Ivy Monteiro

Ivy Monteiro is a Brazilian artist based in Switzerland. Her performance practices include dance, music production, vogue, cabaret and club performance, along with longer form solo and collaborative works.

Spirituality and art-making comingle in Ivy’s practice – in performance she seeks to make invisible energies visible, to translate them into Live (or life) Art, to draw the subconscious into consciousness. Ivy says “my art and spirituality have grown hand to hand – so much that I don’t think it’s possible for me to detach them”. Appropriately enough for an artist who inhabits multiple performative mediums, personas and relationships, Ivy’s spiritual practice draws on a multitude of traditions, books and goddesses, becoming something deeply subjective. Performance is the vessel through which this unique and personal inner world is brought forth.

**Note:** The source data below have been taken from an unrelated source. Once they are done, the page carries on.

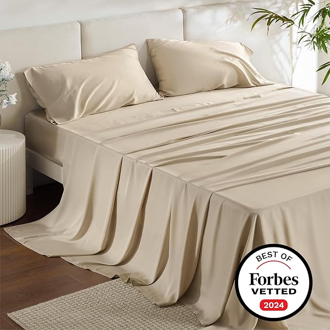 Bedsure Full Size Sheets, Cooling Sheets Full, Rayon Derived from Bamboo, Deep Pocket Up to 16", Breathable & Soft Bed Sheets, Hotel Luxury Silky Bedding Sheets & Pillowcases, Beige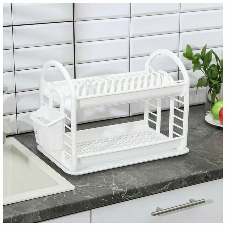 Купить Сушилка для посуды двухъярусная настольная DDStyle Белая 50.8*30*34 см.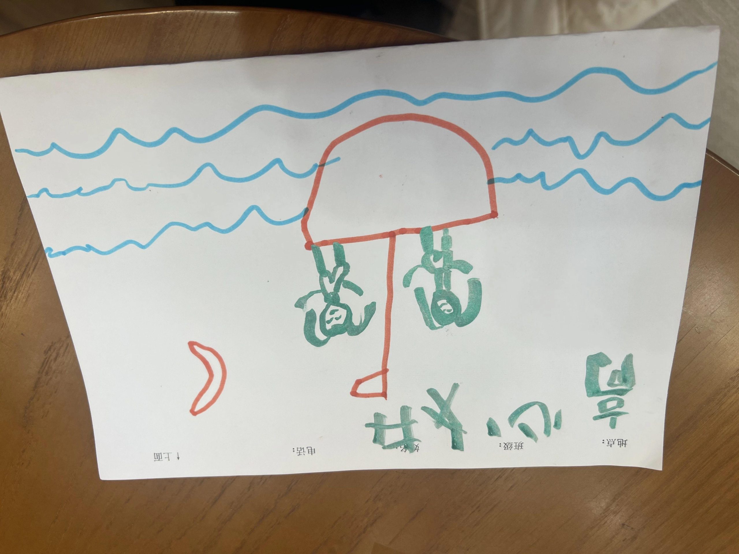 这幅图画展示了一个简单而富有童趣的插画风格。画面中有一个红色的伞状物体,像是一个伞或蘑菇,下面有两个人物形象,似乎悬挂在伞下。背景是蓝色的波浪线,象征水面或天空。左下角有一个红色的弯曲形状,可能代表月牙或船。图中的元素简单且色彩鲜明,呈现出一种幻想与现实结合的风格。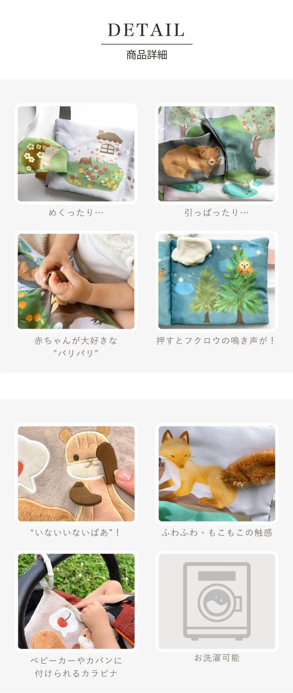カシャカシャ・パリパリと赤ちゃんが大好きな仕掛けがいっぱい。赤ちゃんが大好きなタグも付いています。カラコロ、音を楽しんだり、めくったりと色んなしかけで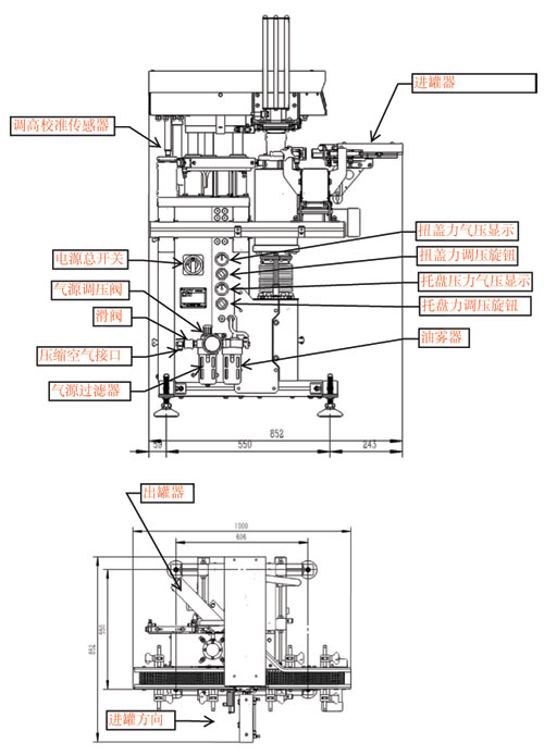 全自動醬料真空旋蓋機包括:進出罐輸送、進罐器、出罐器、真空室、托爪、配蓋器、旋蓋頭等主要部件。

Ivy’s work is rooted in Afrofuturism, a way of thinking and mode of cultural production that has been characterised as a “program for recovering the histories of counter-futures … a space within which the critical work of manufacturing tools capable of intervention within the current political dispensation may be undertaken” (Kodwo Eshun). For Ivy, Afrofuturism is the practice of seeking strategies from history - from ancestors - and applying them to the here and now in the hope of manifesting new futures. Her process is one of discovery through communion, and her performances become the space where ancestry is felt and brought to bear on the future. This practice is also a survival strategy, a way of resisting the violences perpetrated against the bodies of trans and queer people of colour, and of working through mental illness.

In her most recent work, Trinta y Dois Igual a 5, Ivy uses Afro-descendant mythologies to consider ecology, nature, and processes of illumination, or salvation – happiness, safety, freedom. Whilst Ivy considers these processes to be deeply personal, she articulates how they should be shared between friends, lovers, ancestors or community, to build a solidarity between queer and trans people of colour. Ivy says “we are taught that our bodies are wrong, that our sexualities and genders are wrong, and that just one god can save us – we are the ones most in need of our own salvations, and in need of each other’s support in the search for our own salvations”.

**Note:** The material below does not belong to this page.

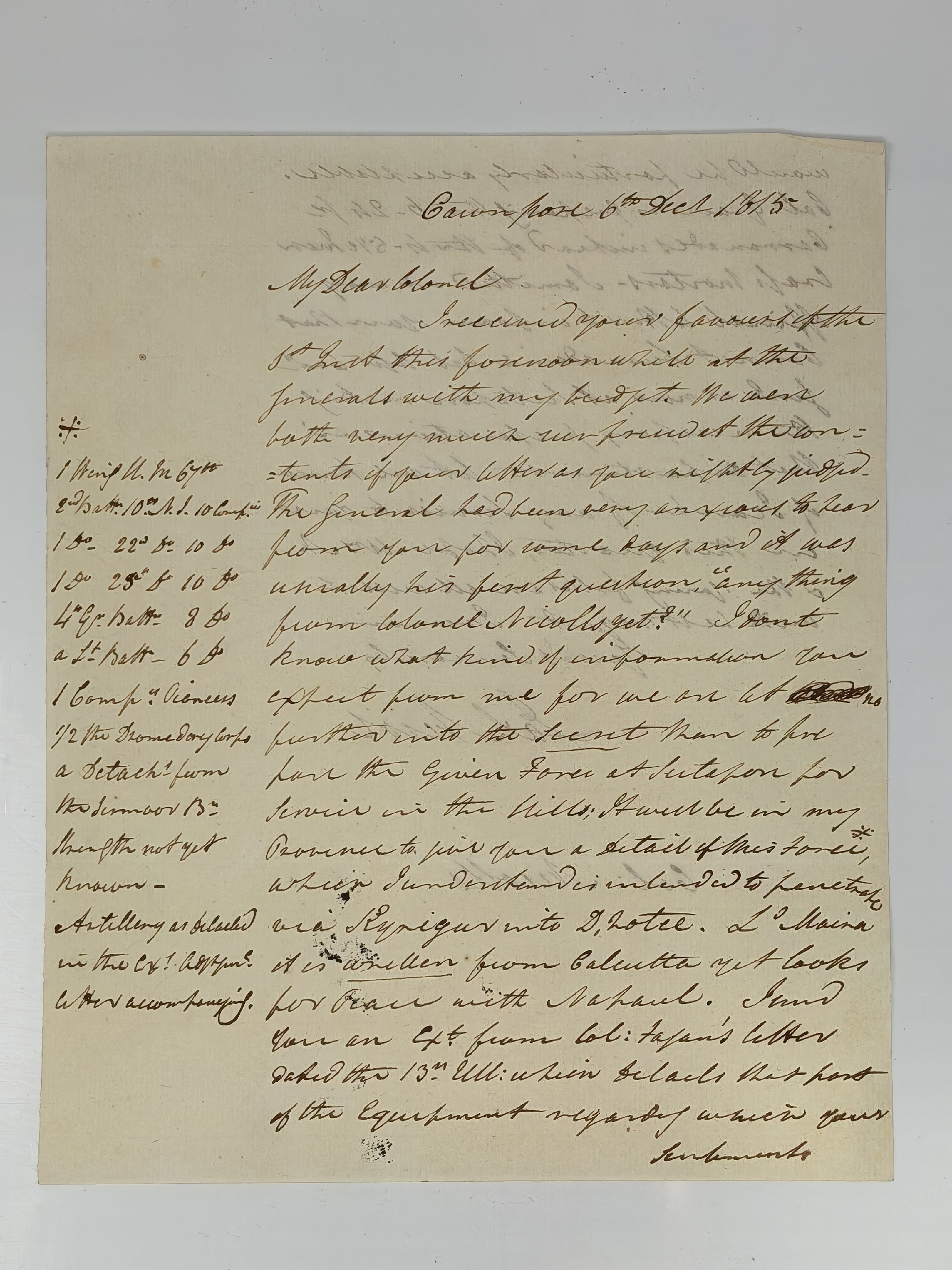 The documents from the collection date back to November-December 1815, the time of the first signing of the peace treaty and the subsequent discovery by the British that the Nepalese government intended to continue military actions. All manuscripts are related to the organization of the British military force, which was being formed in Sitapur (now Uttar Pradesh state of India) under the command of Colonel Jasper Nicolls (future Commander-in-Chief of the Madras Army and Commander-in-Chief, India), with the goal “to penetrate into the provinces of Doti and Salena” in western Nepal (Frontier and Overseas Expeditions from India. Vol. IV, p. 32). Ultimately, Nicolls’ force didn’t take part in the military actions, as a quick, victorious campaign by Major General David Ochterlony south of Kathmandu effectively ended the war.

In April, Ivy presented Mother The Verb, a powerful and rich collaboration with Javier Stell-Frésquez, in London at Chisenhale Dance Space as part of EcoFutures. The work considers queerness and motherhood, and represents an encounter between Ivy’s spiritual practice and Javier’s indigenous American heritage. Tender and physical, the work studies the toxic effects of colonial and ecological violence on human and planetary relations. For Ivy, the tension at the heart of the work is “how can we mother each other, and care for each other, without smothering each other”.

Throughout July Ivy has undertaken a research residency at the Live Art Development Agency (LADA). LADA is working with Pro Helvetia, the Swiss Arts Council on a three-year initiative (2018-20) to raise the profile of Swiss Live Art in the UK and contribute to the development of exchanges and collaborations between artists and promoters in the UK and Switzerland. Ivy’s residency, considering ancestrality, Afrofuturism, queerness and metaphysical connections, is one element of this programme. During her time in the UK, Ivy performed at Bar Wotever (London) as Tropikahl Pussy, her drag alter ego, and presented a performance lecture at LADA on 23 July.

Her future plans include a shared residency in Austria with other QTIPOC artists of Brazilian heritage, working towards a collective performance, and furthering teaching work at Tanzhaus Zürich.